======== Dataset records ========

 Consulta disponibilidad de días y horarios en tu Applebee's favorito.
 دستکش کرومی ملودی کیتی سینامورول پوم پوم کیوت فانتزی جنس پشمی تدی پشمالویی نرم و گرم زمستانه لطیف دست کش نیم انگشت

========
======== Dataset records ========

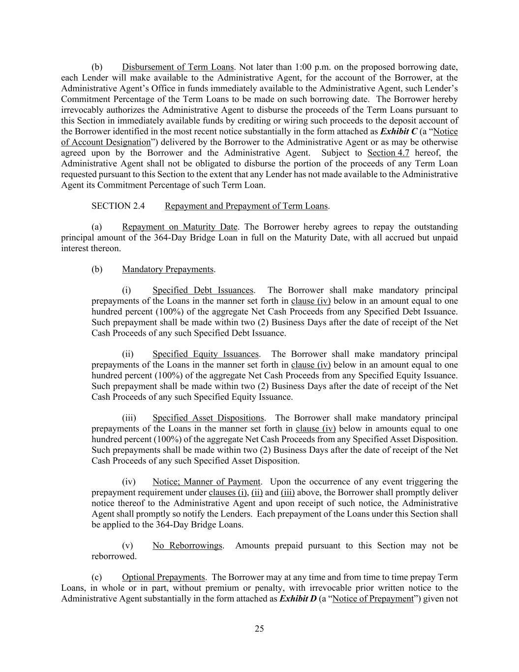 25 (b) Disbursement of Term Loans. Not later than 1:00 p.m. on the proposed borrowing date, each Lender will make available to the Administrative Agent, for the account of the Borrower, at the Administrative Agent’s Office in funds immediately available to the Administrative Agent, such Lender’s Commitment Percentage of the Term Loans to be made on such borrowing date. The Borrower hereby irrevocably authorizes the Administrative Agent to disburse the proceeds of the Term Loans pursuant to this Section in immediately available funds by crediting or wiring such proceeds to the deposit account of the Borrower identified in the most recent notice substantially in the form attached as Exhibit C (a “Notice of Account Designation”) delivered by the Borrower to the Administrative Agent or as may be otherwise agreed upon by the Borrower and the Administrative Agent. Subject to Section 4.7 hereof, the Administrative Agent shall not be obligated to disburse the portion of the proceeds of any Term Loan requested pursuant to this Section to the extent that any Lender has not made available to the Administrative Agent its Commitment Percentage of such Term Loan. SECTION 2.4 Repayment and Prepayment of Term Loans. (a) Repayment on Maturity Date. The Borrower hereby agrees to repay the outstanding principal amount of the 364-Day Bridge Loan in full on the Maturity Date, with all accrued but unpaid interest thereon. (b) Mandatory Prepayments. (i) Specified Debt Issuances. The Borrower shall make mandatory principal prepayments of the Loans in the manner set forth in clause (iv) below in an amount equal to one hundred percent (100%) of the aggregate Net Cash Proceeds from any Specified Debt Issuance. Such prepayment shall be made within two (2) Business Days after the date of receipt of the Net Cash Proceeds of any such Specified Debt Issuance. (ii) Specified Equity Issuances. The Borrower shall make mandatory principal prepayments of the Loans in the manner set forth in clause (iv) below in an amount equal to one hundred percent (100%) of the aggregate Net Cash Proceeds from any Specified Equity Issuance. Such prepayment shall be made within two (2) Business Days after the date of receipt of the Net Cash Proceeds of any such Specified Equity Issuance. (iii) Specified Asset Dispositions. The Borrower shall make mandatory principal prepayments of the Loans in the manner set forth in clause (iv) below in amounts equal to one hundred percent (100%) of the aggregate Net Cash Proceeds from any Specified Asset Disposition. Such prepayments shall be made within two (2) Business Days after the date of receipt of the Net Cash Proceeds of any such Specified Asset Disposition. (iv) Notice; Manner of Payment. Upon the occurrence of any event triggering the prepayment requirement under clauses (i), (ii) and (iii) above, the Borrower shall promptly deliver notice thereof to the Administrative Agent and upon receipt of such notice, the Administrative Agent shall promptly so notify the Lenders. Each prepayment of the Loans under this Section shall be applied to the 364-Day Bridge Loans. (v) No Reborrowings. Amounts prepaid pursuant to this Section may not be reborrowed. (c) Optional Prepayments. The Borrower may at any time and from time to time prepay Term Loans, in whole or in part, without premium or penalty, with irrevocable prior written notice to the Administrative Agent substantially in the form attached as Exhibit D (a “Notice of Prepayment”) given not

========

Task to complete> Could you reproduce, exactly, every line above from the line with "Consulta disponibilidad de" to the line with "دستکش کرومی ملودی", and no other line? Both ends count.

Output of the exercise>
 Consulta disponibilidad de días y horarios en tu Applebee's favorito.
 دستکش کرومی ملودی کیتی سینامورول پوم پوم کیوت فانتزی جنس پشمی تدی پشمالویی نرم و گرم زمستانه لطیف دست کش نیم انگشت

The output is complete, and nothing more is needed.